* UK exits EU's orbit
* Johnson hails new beginning for UK
* UK a divided kingdom after Brexit
* Johnson's father applies for French citizenship
The United Kingdom left the European Union's orbit on Thursday, turning its back on a tempestuous 48-year liaison with the European project for an uncertain post-Brexit future in its most significant geopolitical shift since the loss of empire.
Brexit, in essence, took place at the strike of midnight in Brussels, or 2300 London time (GMT), when the United Kingdom ended the de facto membership, known as the transition period, which lasted 11 months after it formally left on Jan. 31.
For five years, the frenzied gyrations of the Brexit crisis dominated European affairs, haunted the sterling markets and tarnished the United Kingdom's reputation as a confident pillar of Western economic and political stability.

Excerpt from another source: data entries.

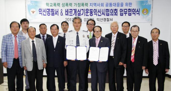 ÀÍ»ê°æÂû¼(¼Àå Á¶¿ë½Ä)¿Í ¹Ù¸£°Ô»ì±â¿îµ¿ ÀÍ»ê½ÃÇùÀÇȸ(ȸÀå Á¤±Ôö)°¡ Æø·Â ±ÙÀýÀ» À§ÇØ ¼ÕÀ» ¸ÂÀâ¾Ò´Ù.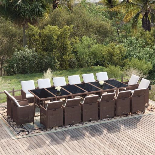 Diese Garten-Essgruppe aus Poly Rattan mit ihrem eleganten und einzigartigen Design ist eine großartige Wahl für Mahlzeiten und Entspannen im Outdoor-Wohnbereich. Praktisches Material: Das witterungsbeständige PE-Rattan ist pflegeleicht und strapazierfähig und sorgt für jahrelangen Dienst.Stabile und robuste Struktur: Die Stahlgestelle des Gartentisches und der Stühle sorgen für Robustheit und Stabilität.Flexible Stühle: Du kannst die Rückenlehnen umklappen und die Outdoor-Stühle unter dem Tisch verstauen. So sparst du wertvollen Stauraum, wenn das Set nicht in Gebrauch ist. Dank ihrer Leichtbauweise lassen sich alle Artikel leicht umstellen.Komfortables Erlebnis: Die dicken, weichen, mit Schaumstoff gefüllten Sitz- und Rückenkissen sorgen für zusätzlichen Sitzkomfort. Hinweis:Um die Lebensdauer deiner Gartenmöbel zu verlängern, empfehlen wir dir, sie mit einer wasserdichten Hülle zu schützen.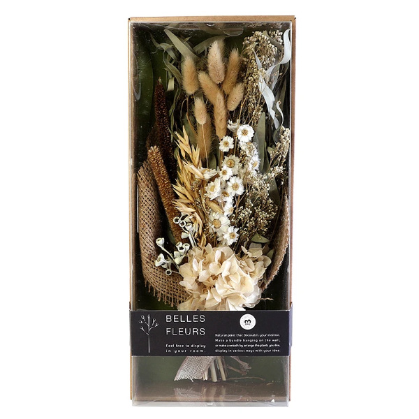 ドライフラワーにぴったりな雰囲気の箱に梱包されているので、ギフトとしてもおすすめです。中身が見える箱なので、貰った瞬間カラフルなブーケが目に飛び込んできて喜ばれそうです。また、箱に入れた状態のまま飾ることも出来ておすすめです。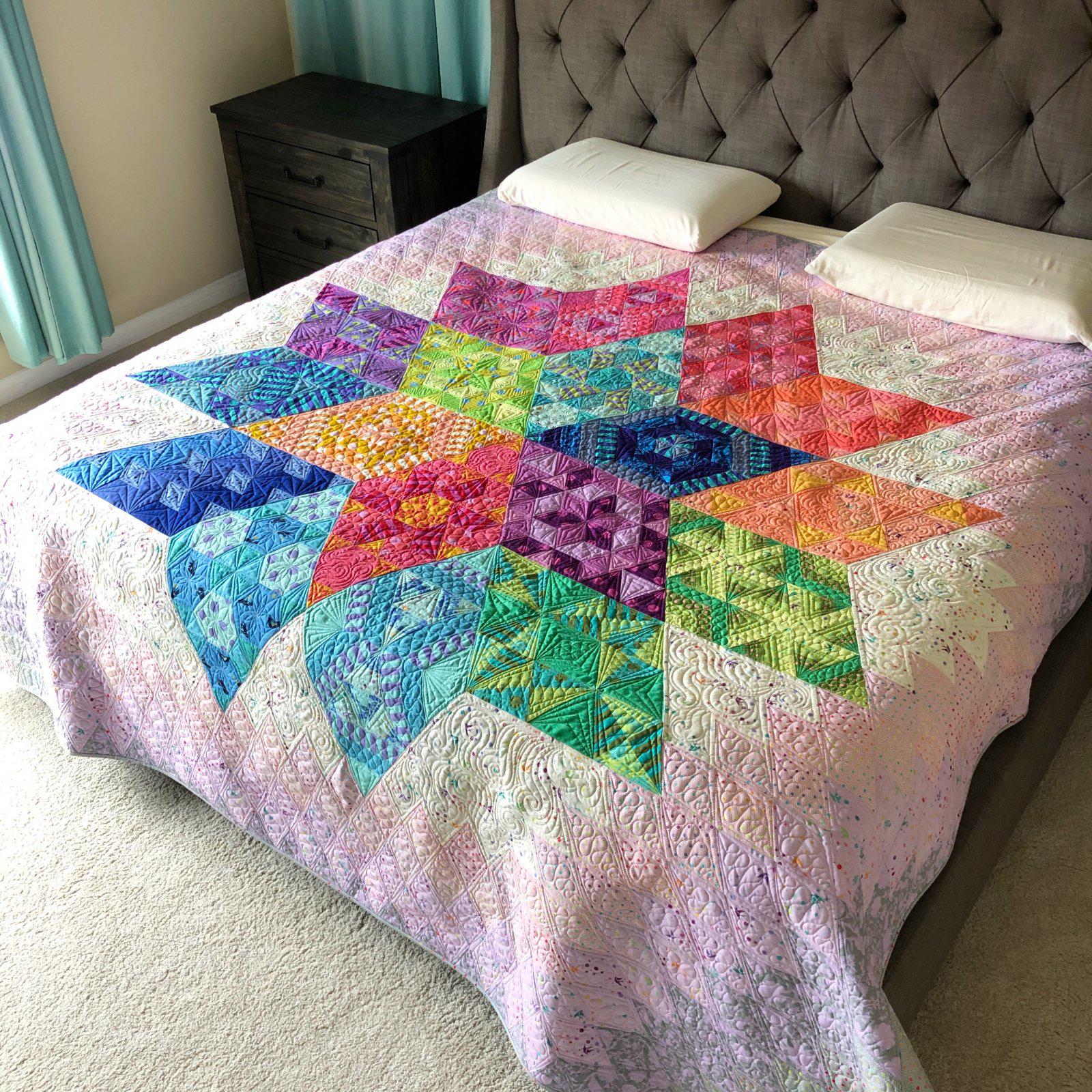 No Pesky Y Seams! Creative fabric placement will make your quilt appear to have 18 different blocks. Queen size 97in x 96in.

After years of Brexit vitriol, one of the most significant events in European history since the 1991 fall of the Soviet Union passed with little fanfare: The United Kingdom slipped away, serenaded by the silence of the Covid-19 crisis.
Supporters cast Brexit as the dawn of a newly independent ‘global Britain’, but it has weakened the bonds that bind England, Wales, Scotland and Northern Ireland into a $3 trillion economy.
‘This is an amazing moment for this country,’ Prime Minister Boris Johnson, 56, said in his New Year's Eve message. ‘We have our freedom in our hands and it is up to us to make the most of it.’
As EU leaders and citizens bade farewell, Johnson said there would be no bonfire of regulations to build a ‘bargain basement Dickensian Britain’ and that the country would remain the ‘quintessential European civilization’.
But Johnson, the face of the Brexit campaign, has been short on detail about what he wants to build with Britain's ‘independence’ - or how to do it while borrowing record amounts to pay for the Covid-19 crisis.
His 80-year-old father, Stanley Johnson, who voted to remain in 2016, said he was in the process of applying for a French passport.
In the June 23, 2016, referendum, 17.4 million voters, or 52%, backed Brexit while 16.1 million, or 48%, backed staying in the bloc. Few have changed their minds since. England and Wales voted out but Scotland and Northern Ireland voted in.
The referendum showed a United Kingdom divided about much more than the European Union, and fuelled soul searching about everything from secession and immigration to capitalism, the legacy of empire and what it now means to be British.
Leaving was once the far-fetched dream of a motley crew of ‘eurosceptics’ on the fringes of British politics: the UK joined in 1973 as ‘the sick man of Europe’ and two decades ago British leaders were arguing about whether to join the euro. It never did.
But the turmoil of the euro zone crisis, attempts to integrate the EU further, fears about mass immigration and discontent with leaders in London helped Brexiteers win the referendum with a message of patriotic, if vague, hope.
‘We see a global future for ourselves,’ said Johnson who won power in 2019 and, against the odds, clinched a Brexit divorce treaty and a trade deal, as well as the biggest Conservative majority since Margaret Thatcher, in the 2019 election.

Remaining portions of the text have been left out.